Our top 10 list of reasons to attend Greenhouse Open 2016 has just expanded!—We are excited to announce that improv storytelling series Porchlight will be featured, sure to add an engaging & fun aspect to our annual event, taking place May 25-27th in San Francisco. (For more information on Greenhouse Open, click here).

What Is Porchlight?

Porchlight has been San Francisco’s premier storytelling series since 2002. Each month, co-founders Beth Lisick and Arline Klatte invite six people onstage to tell 10-minute true stories without using notes or memorization. (Improvisation is key!).
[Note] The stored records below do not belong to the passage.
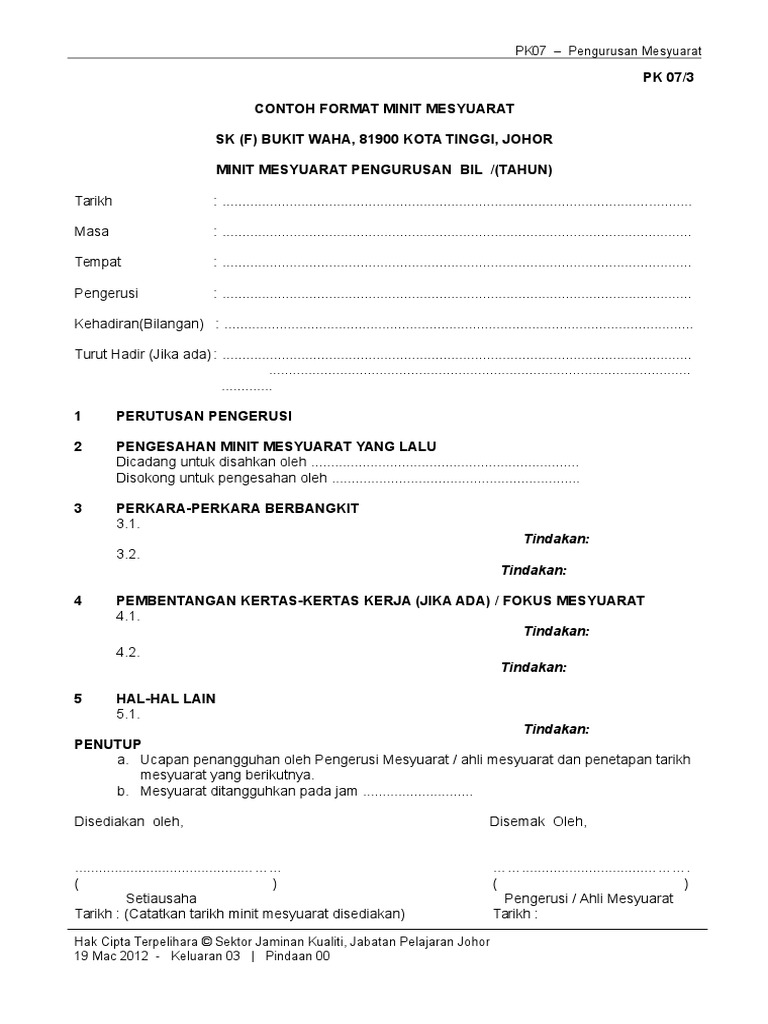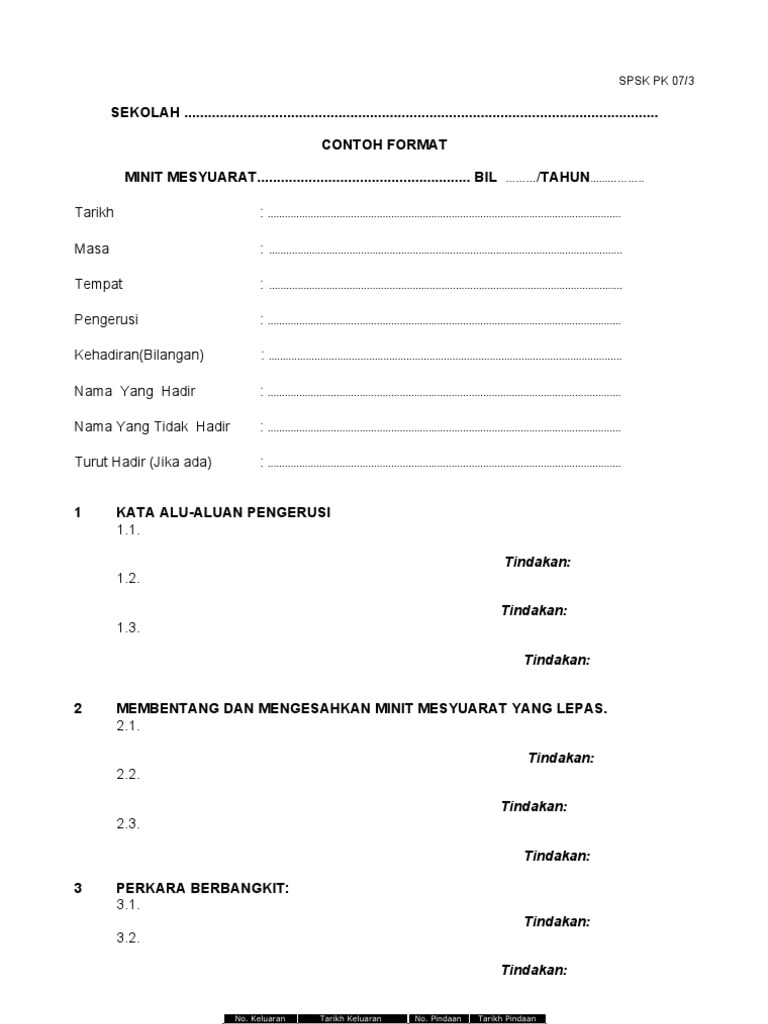 Borang Pk 07 3 Contoh Format Minit Mesyuarat Pdf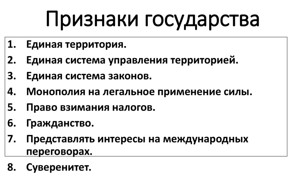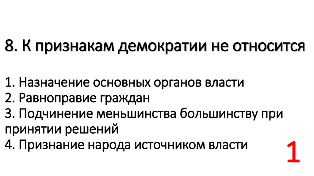 8. К признакам демократии не относится1. Назначение основных органов власти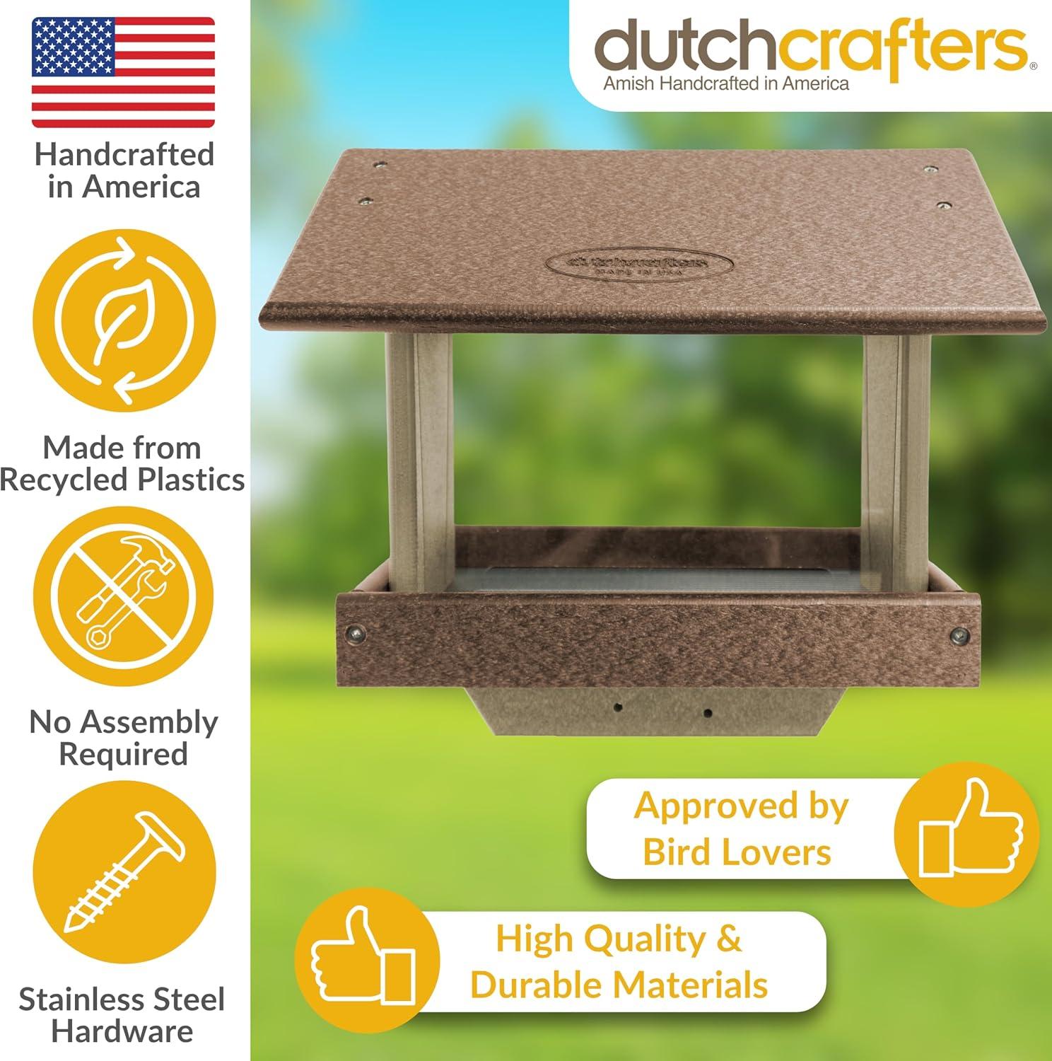 imageDutchCrafters Plastic Poly Covered Roof Hanging Fly Through Bird Feeder Open Side Platform Seed Tray for Outside Outdoor Garden  Amish American Made in USA Tudor Brown ampamp WeatherwoodTudor Brown  Weatherwood

Past storytellers have included anyone and everyone—entertaining school bus drivers, mushroom hunters, politicians, socialites, musicians, systems analysts, and social workers. In addition to the monthly shows, Porchlight has worked with the San Francisco Film Festival, the San Francisco Sketchfest, the Contemporary Jewish Museum, the Bay Area Science Festival, the Storymoja Hay Festival in Nairobi, and Shakespeare and Co. in Paris. Beth and Arline’s popular podcast lets people all over the world get a little piece of the wild and diverse San Francisco Bay Area.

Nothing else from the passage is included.